§ Assignment:
Copy verbatim the block of lines in the entries below whose first line contains "Check out Beltane" and whose last line contains "Cama tipo Box". Leave out all other lines.

━━━ Data provided ━━━

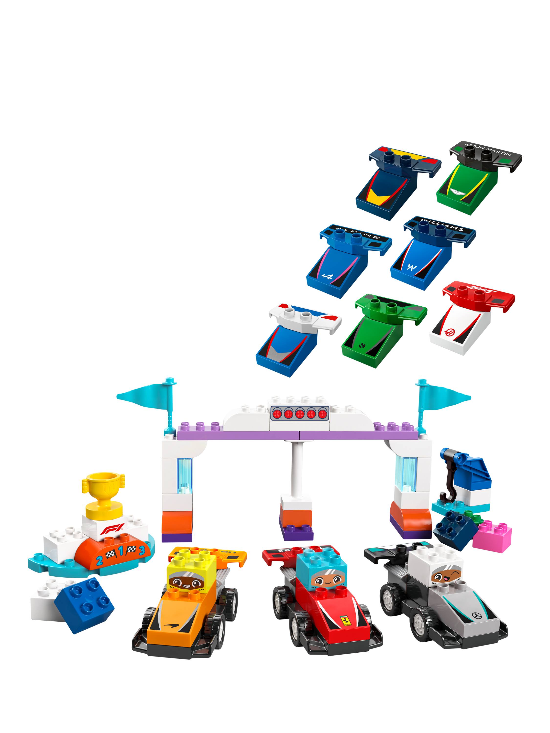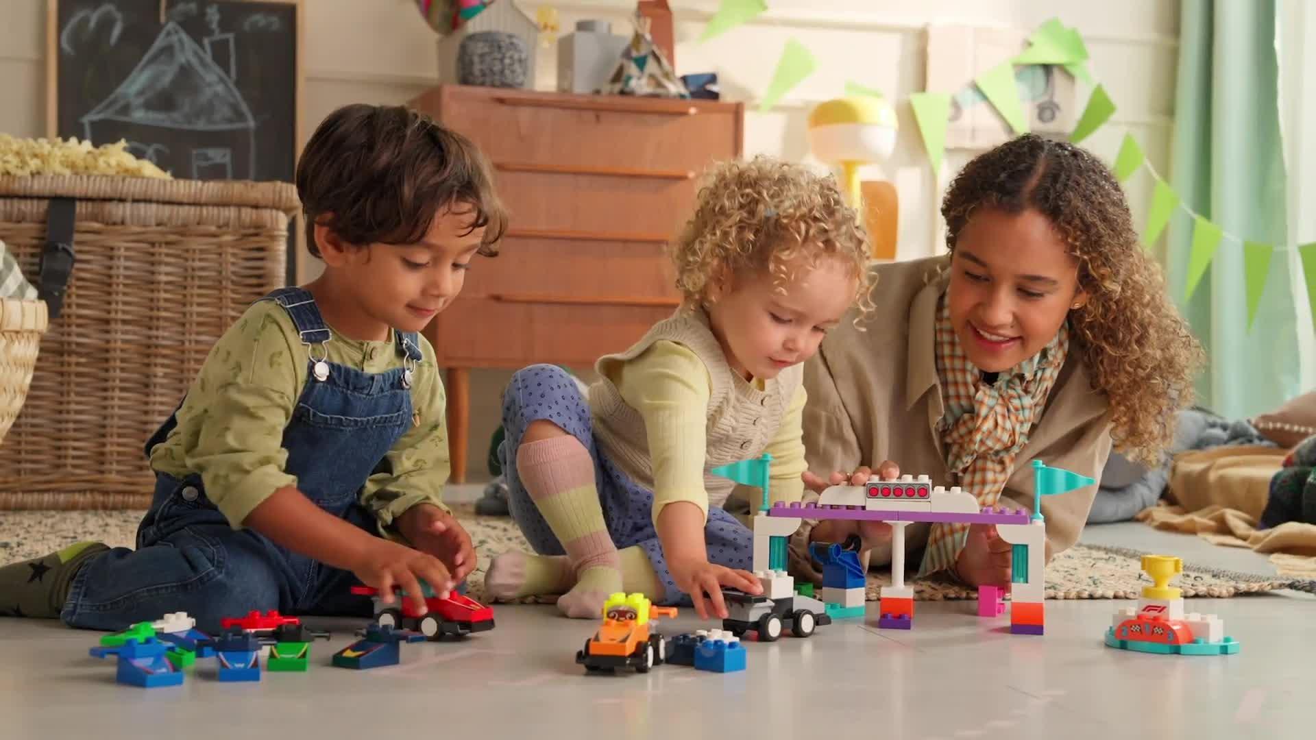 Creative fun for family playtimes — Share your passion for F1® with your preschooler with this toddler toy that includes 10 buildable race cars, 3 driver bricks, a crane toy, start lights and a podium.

━━━
━━━ Data provided ━━━

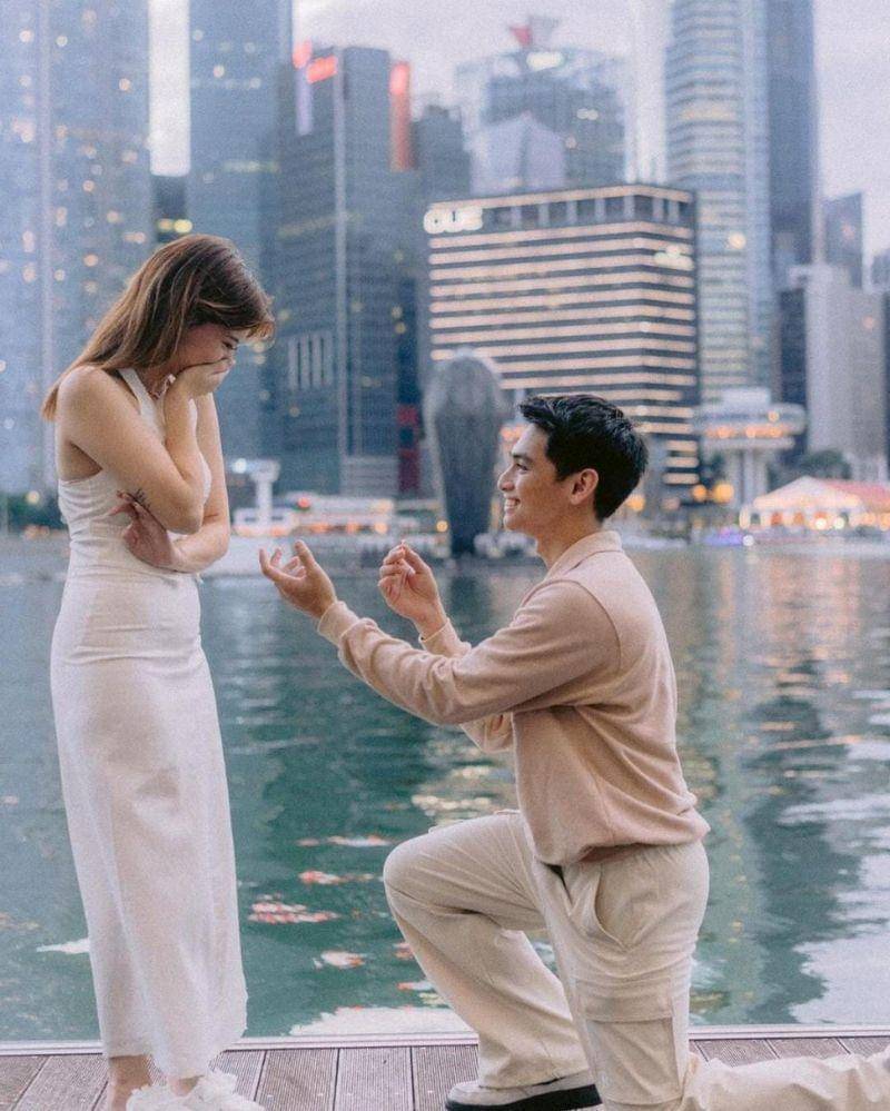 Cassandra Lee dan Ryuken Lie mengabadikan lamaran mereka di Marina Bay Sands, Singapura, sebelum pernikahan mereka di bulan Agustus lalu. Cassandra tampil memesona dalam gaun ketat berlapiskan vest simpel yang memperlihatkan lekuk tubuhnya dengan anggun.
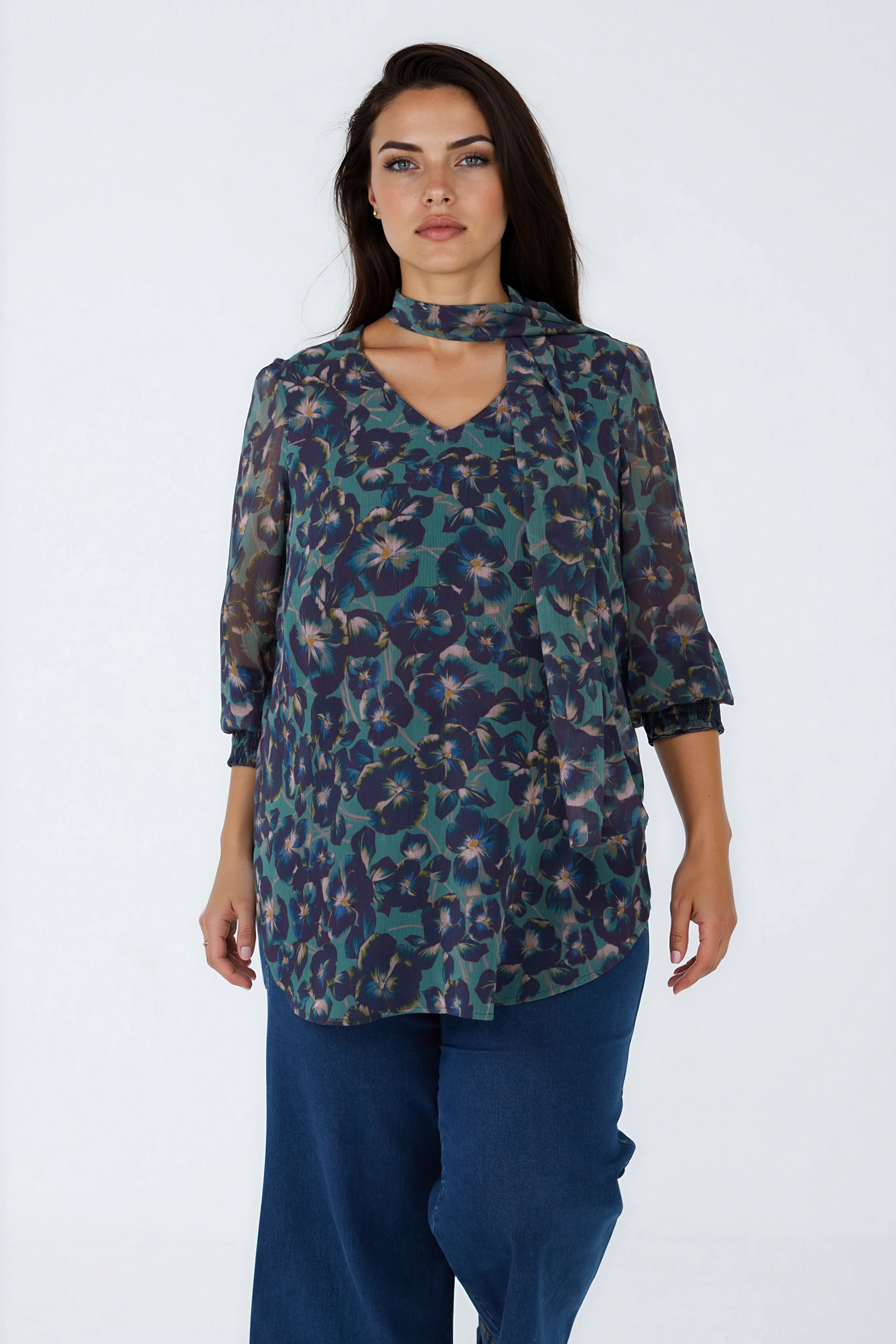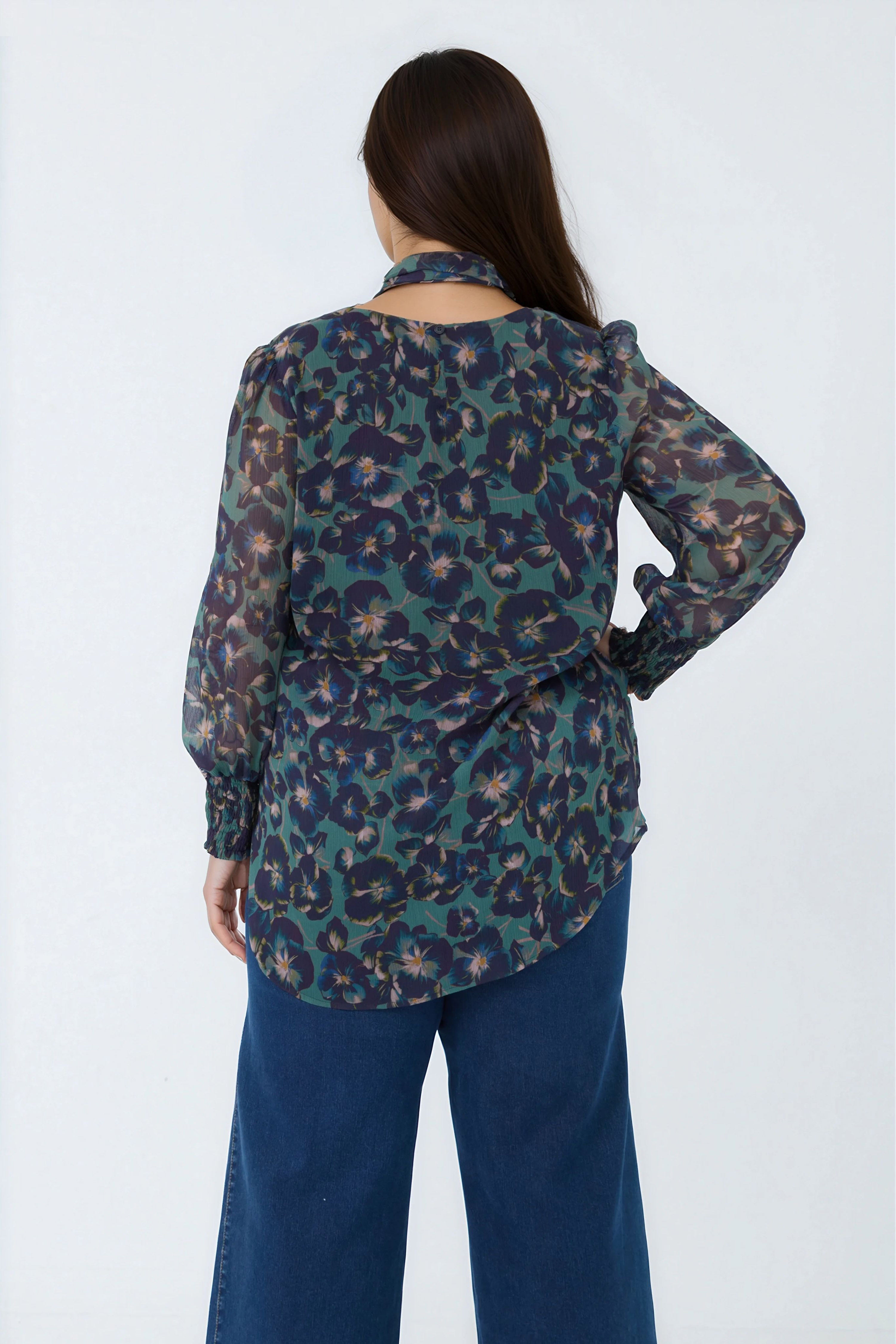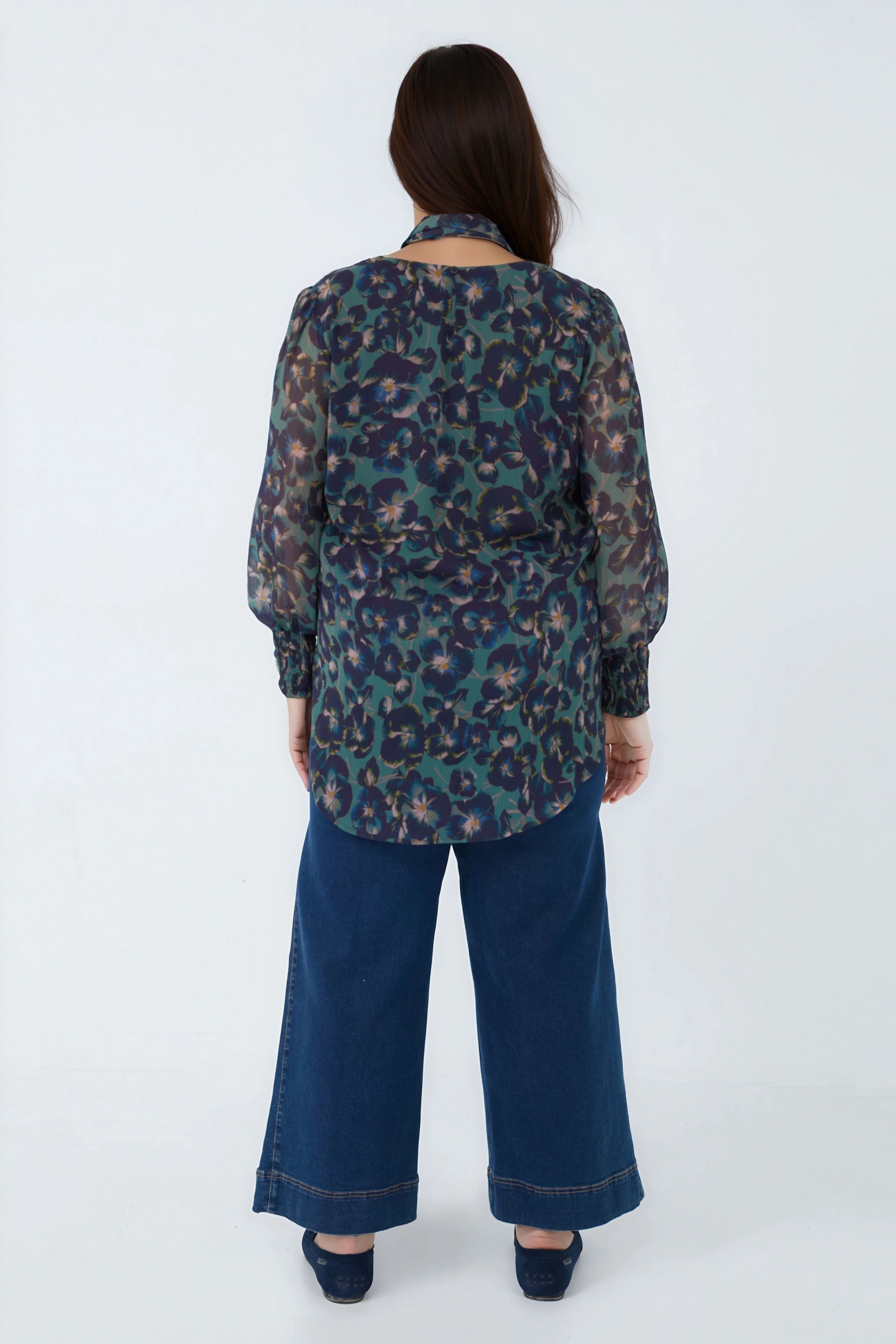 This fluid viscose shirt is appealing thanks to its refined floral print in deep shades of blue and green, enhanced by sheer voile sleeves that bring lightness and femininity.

━━━
━━━ Data provided ━━━

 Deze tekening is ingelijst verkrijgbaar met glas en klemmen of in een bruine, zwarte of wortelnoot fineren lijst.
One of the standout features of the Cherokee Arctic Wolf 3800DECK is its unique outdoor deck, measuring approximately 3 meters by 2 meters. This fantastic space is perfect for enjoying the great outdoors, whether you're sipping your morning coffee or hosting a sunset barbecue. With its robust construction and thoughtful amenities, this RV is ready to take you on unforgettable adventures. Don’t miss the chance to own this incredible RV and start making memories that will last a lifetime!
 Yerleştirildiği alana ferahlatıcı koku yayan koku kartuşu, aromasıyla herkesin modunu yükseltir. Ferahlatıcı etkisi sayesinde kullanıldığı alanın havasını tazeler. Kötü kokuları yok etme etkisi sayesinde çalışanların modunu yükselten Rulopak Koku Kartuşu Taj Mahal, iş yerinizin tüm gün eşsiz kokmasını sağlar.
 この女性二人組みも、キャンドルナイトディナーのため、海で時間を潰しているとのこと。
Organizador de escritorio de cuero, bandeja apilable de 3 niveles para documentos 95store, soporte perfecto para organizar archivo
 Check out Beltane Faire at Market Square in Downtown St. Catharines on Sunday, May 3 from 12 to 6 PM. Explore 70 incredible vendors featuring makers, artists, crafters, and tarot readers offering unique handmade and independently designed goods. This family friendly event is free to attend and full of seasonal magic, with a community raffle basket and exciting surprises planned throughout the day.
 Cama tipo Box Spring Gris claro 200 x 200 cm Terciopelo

━━━

§ Result for this exercise:
 Check out Beltane Faire at Market Square in Downtown St. Catharines on Sunday, May 3 from 12 to 6 PM. Explore 70 incredible vendors featuring makers, artists, crafters, and tarot readers offering unique handmade and independently designed goods. This family friendly event is free to attend and full of seasonal magic, with a community raffle basket and exciting surprises planned throughout the day.
 Cama tipo Box Spring Gris claro 200 x 200 cm Terciopelo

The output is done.